Exercise goal -
Restate word for word the lines below from the one that has "공연·경연: 군악·의장대, 해외" through the one that has "Adopta un look", keeping both and dropping all pictures.

The records -
================================
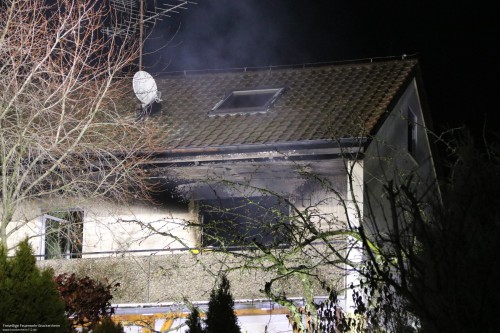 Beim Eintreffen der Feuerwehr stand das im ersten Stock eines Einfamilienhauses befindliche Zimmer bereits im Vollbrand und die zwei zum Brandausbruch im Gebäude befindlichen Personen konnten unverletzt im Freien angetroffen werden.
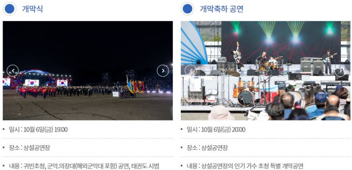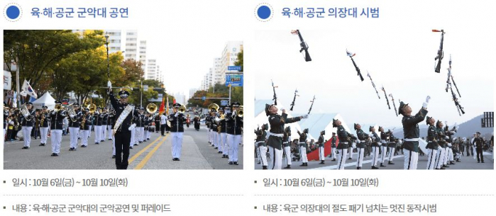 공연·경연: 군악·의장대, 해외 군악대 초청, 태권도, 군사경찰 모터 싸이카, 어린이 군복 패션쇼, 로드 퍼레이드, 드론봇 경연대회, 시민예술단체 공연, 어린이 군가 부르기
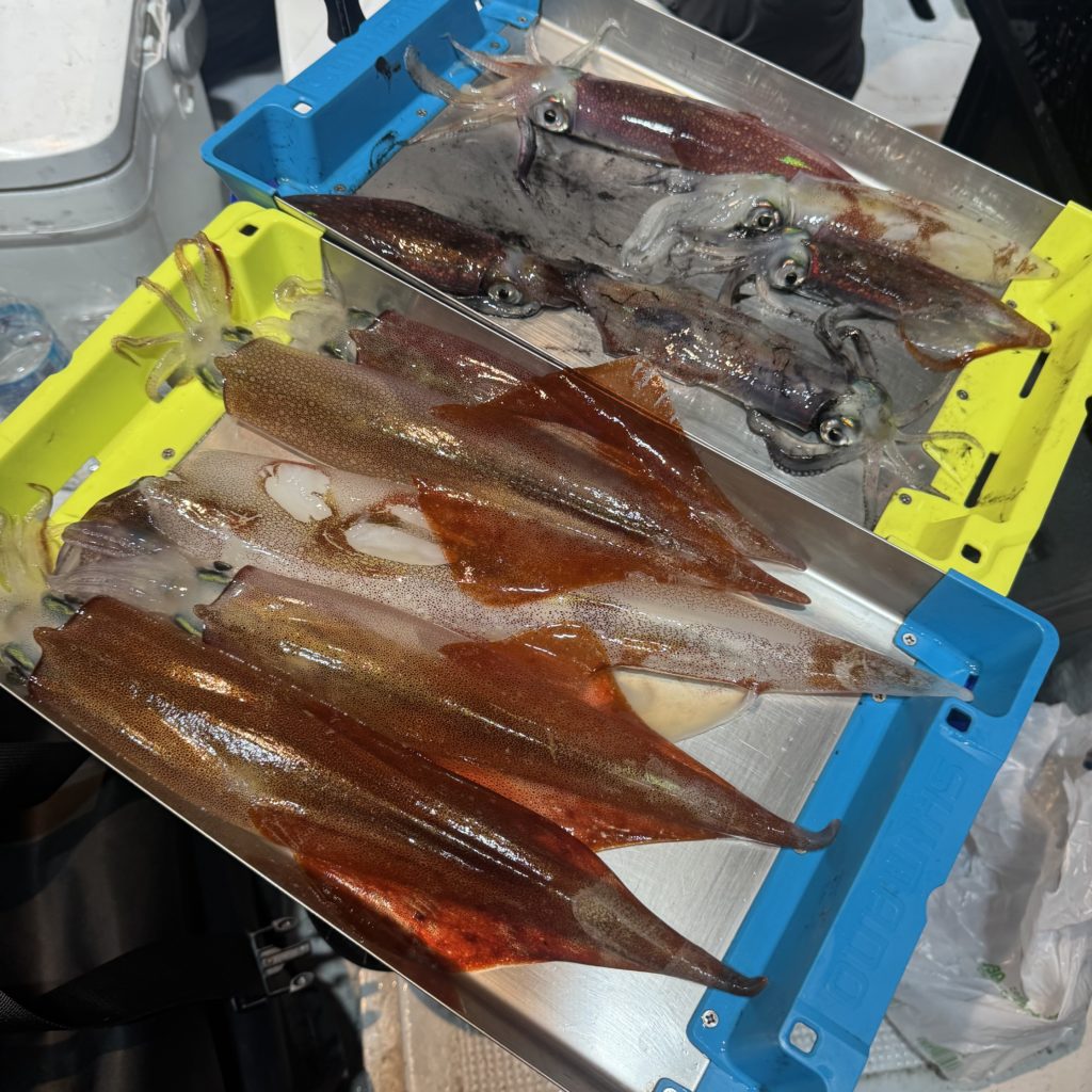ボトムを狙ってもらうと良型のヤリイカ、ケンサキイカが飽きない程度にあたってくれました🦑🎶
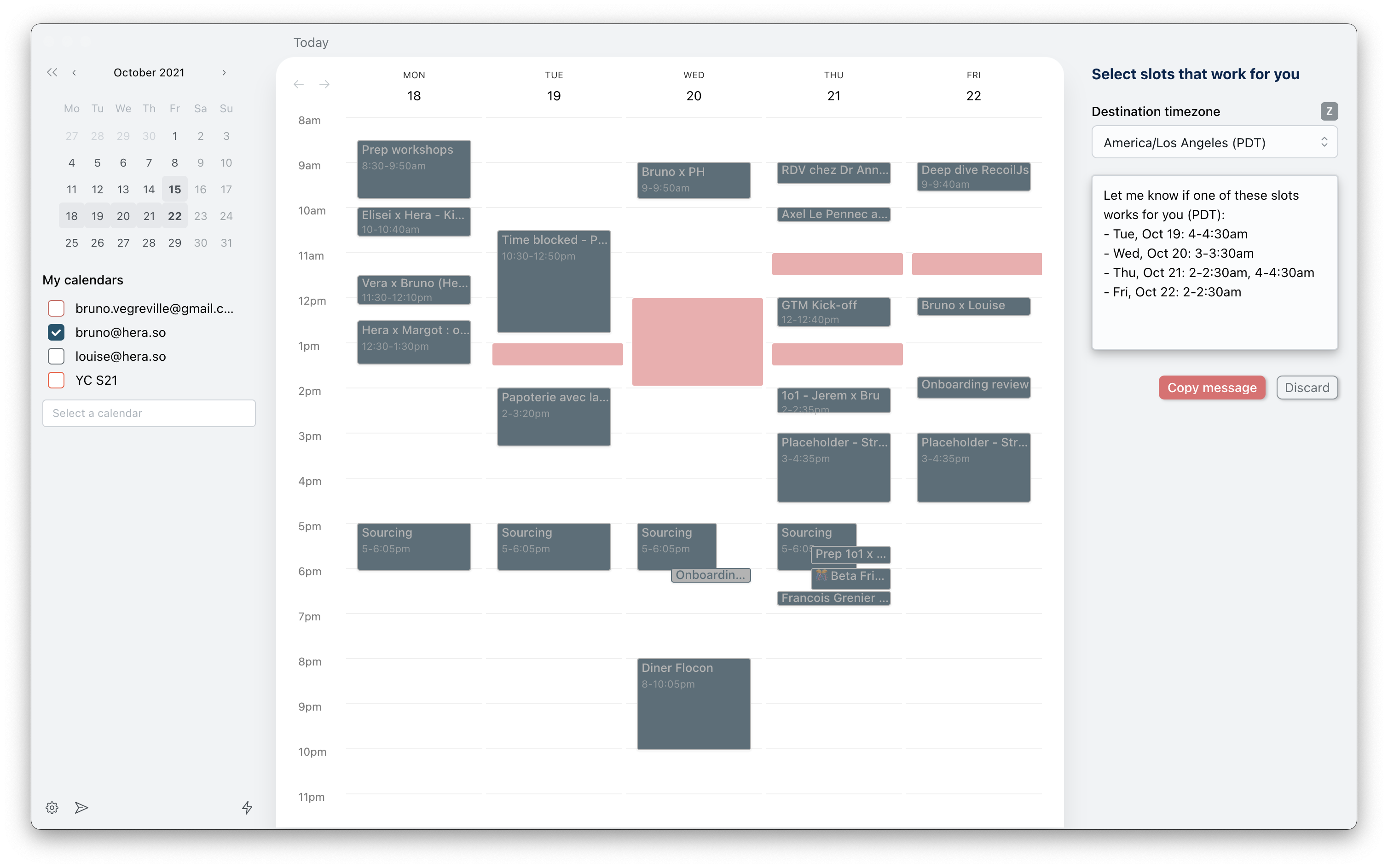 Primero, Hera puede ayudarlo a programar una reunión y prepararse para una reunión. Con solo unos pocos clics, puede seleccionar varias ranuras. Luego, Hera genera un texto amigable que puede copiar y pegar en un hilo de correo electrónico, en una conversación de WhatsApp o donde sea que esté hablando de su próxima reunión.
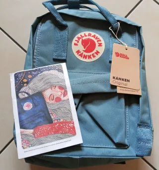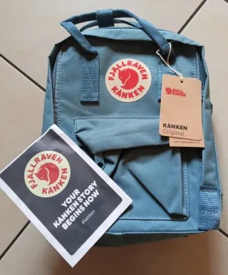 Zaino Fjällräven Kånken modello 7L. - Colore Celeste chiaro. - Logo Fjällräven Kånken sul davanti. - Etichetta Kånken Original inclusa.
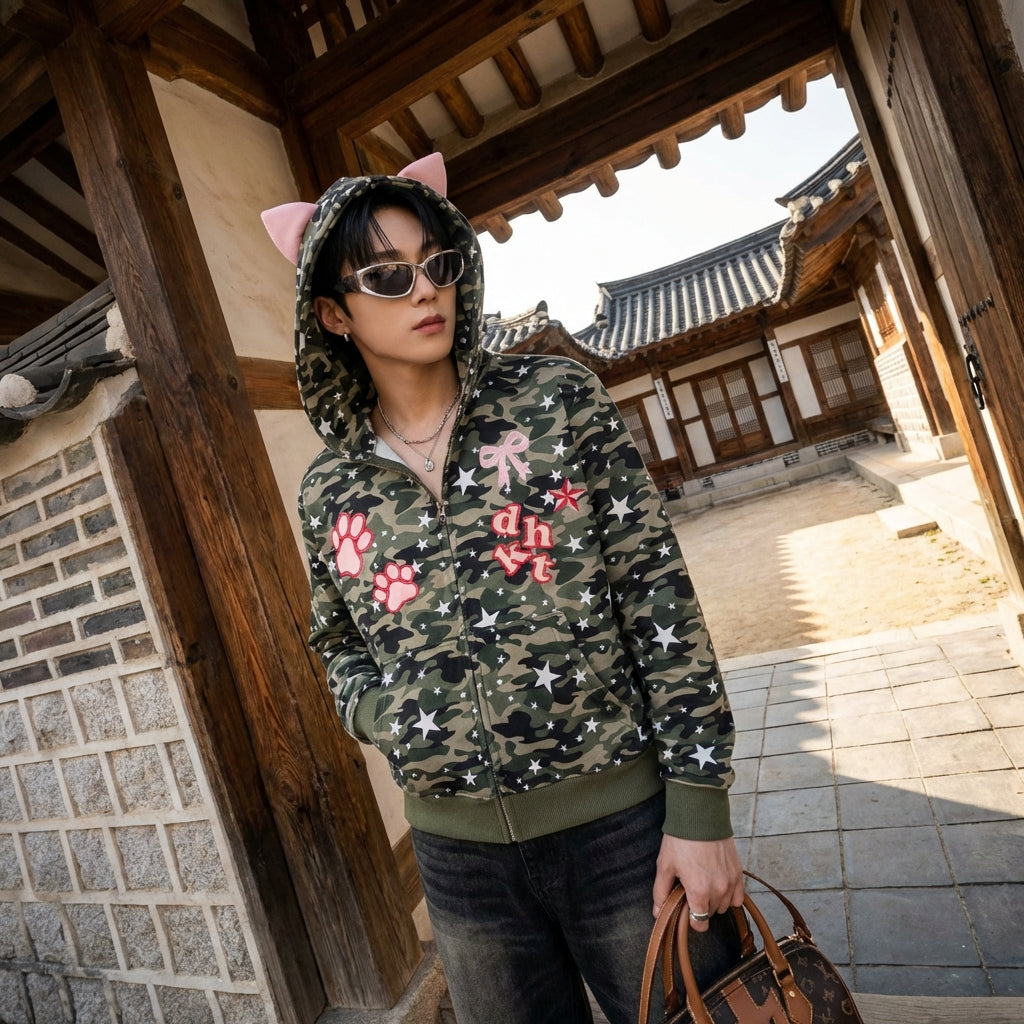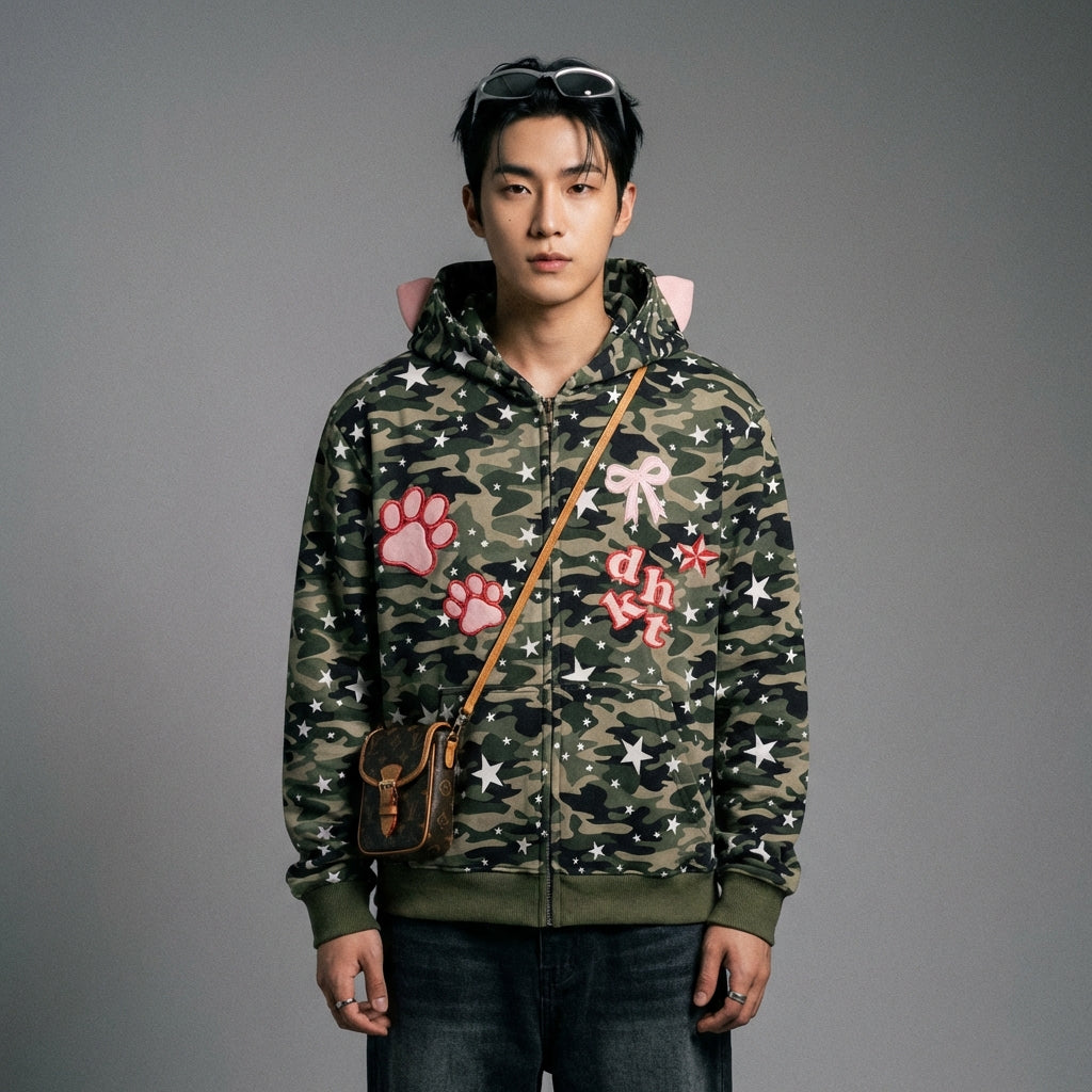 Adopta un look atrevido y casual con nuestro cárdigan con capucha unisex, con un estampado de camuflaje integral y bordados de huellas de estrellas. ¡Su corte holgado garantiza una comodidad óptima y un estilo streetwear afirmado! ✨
================================
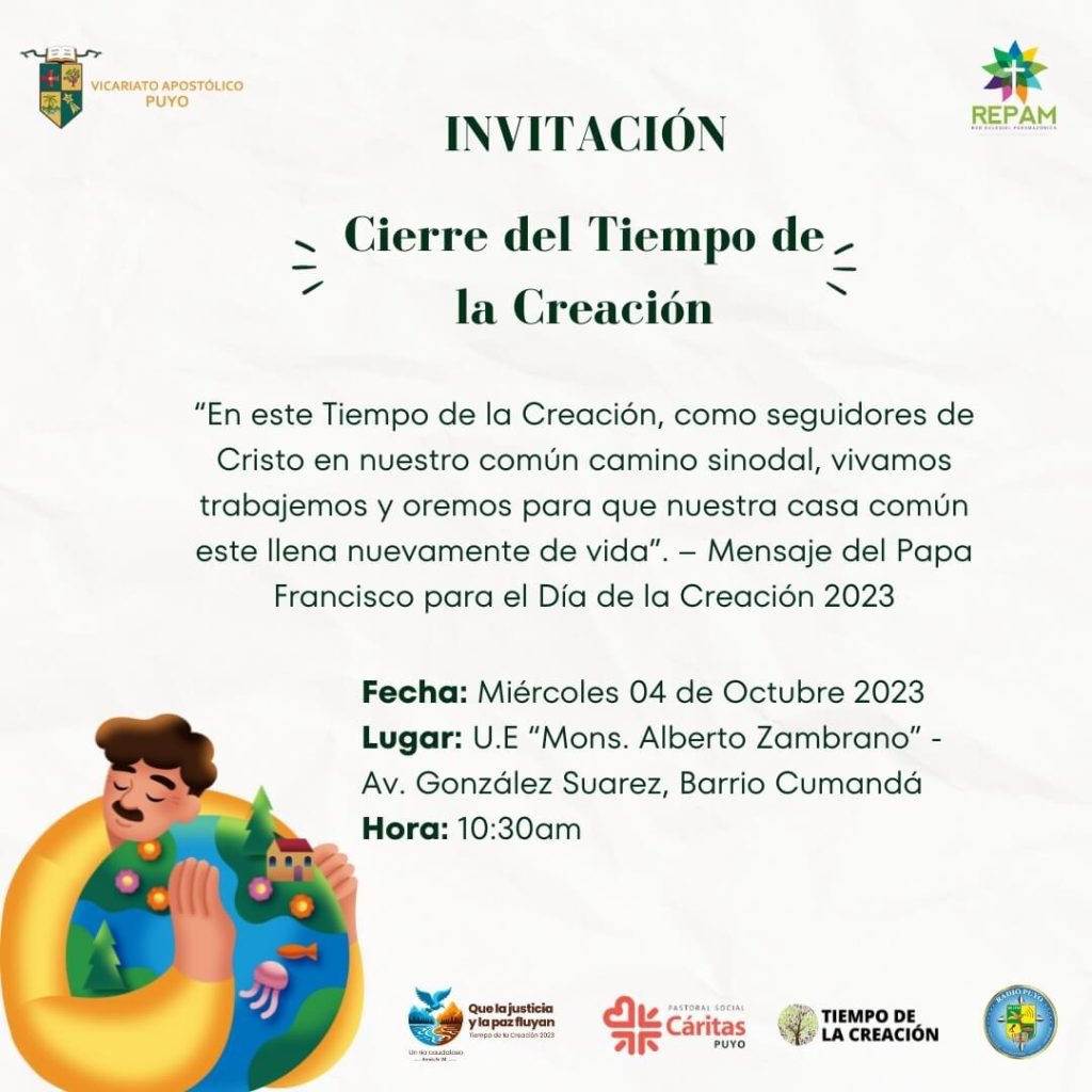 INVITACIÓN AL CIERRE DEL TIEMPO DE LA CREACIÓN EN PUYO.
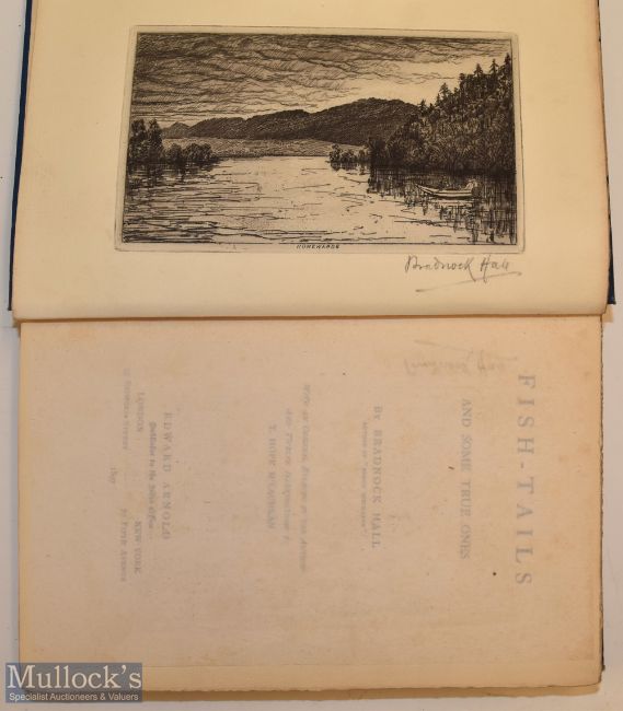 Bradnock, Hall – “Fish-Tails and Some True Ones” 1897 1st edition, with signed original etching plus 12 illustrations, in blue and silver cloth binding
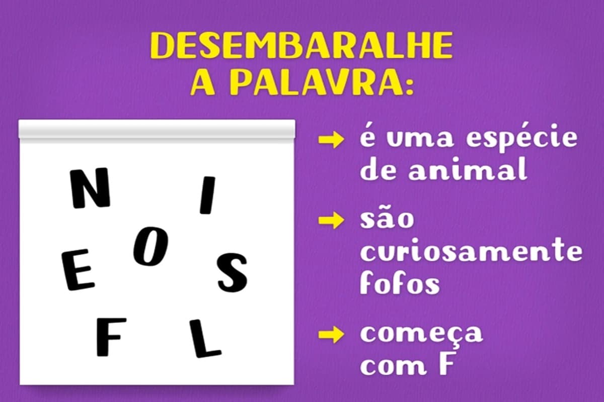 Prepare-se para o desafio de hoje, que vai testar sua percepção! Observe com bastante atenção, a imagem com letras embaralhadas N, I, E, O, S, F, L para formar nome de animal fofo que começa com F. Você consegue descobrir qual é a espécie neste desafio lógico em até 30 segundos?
================================
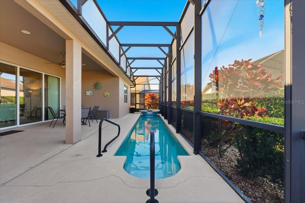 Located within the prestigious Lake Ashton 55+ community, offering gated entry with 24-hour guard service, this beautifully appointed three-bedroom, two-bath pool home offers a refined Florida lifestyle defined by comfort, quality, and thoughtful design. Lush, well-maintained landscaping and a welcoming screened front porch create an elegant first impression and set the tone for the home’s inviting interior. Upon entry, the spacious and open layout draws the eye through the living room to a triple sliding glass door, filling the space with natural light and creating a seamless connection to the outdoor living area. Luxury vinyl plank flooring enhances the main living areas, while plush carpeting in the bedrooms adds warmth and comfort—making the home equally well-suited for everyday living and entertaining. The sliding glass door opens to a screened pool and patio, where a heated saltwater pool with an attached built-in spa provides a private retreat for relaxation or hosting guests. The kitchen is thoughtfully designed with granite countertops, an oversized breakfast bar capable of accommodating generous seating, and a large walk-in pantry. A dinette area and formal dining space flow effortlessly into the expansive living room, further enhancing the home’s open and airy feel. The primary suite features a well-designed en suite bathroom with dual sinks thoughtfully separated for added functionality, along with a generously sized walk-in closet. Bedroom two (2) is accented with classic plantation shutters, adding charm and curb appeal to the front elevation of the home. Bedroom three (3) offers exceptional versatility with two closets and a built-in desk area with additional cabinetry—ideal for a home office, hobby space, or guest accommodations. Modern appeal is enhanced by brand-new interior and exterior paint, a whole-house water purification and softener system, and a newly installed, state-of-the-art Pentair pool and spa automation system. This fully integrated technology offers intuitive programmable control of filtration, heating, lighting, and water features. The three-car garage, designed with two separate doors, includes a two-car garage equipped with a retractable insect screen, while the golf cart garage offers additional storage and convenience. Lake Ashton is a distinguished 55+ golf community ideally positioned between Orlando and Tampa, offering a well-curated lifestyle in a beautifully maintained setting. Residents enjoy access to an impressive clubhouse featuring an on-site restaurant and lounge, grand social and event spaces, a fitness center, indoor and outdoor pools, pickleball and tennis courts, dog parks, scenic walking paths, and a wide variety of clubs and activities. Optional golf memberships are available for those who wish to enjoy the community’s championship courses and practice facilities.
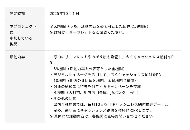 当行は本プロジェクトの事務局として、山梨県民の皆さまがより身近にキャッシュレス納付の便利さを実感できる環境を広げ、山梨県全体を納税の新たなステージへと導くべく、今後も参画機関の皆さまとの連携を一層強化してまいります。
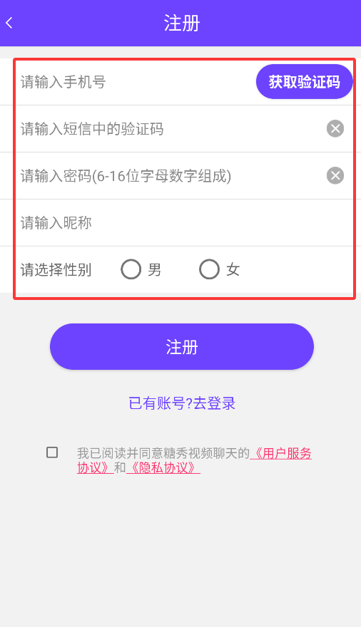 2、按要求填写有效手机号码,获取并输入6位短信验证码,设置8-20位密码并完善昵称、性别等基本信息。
================================
Output of the exercise -
 공연·경연: 군악·의장대, 해외 군악대 초청, 태권도, 군사경찰 모터 싸이카, 어린이 군복 패션쇼, 로드 퍼레이드, 드론봇 경연대회, 시민예술단체 공연, 어린이 군가 부르기
ボトムを狙ってもらうと良型のヤリイカ、ケンサキイカが飽きない程度にあたってくれました🦑🎶
 Primero, Hera puede ayudarlo a programar una reunión y prepararse para una reunión. Con solo unos pocos clics, puede seleccionar varias ranuras. Luego, Hera genera un texto amigable que puede copiar y pegar en un hilo de correo electrónico, en una conversación de WhatsApp o donde sea que esté hablando de su próxima reunión.
 Zaino Fjällräven Kånken modello 7L. - Colore Celeste chiaro. - Logo Fjällräven Kånken sul davanti. - Etichetta Kånken Original inclusa.
 Adopta un look atrevido y casual con nuestro cárdigan con capucha unisex, con un estampado de camuflaje integral y bordados de huellas de estrellas. ¡Su corte holgado garantiza una comodidad óptima y un estilo streetwear afirmado! ✨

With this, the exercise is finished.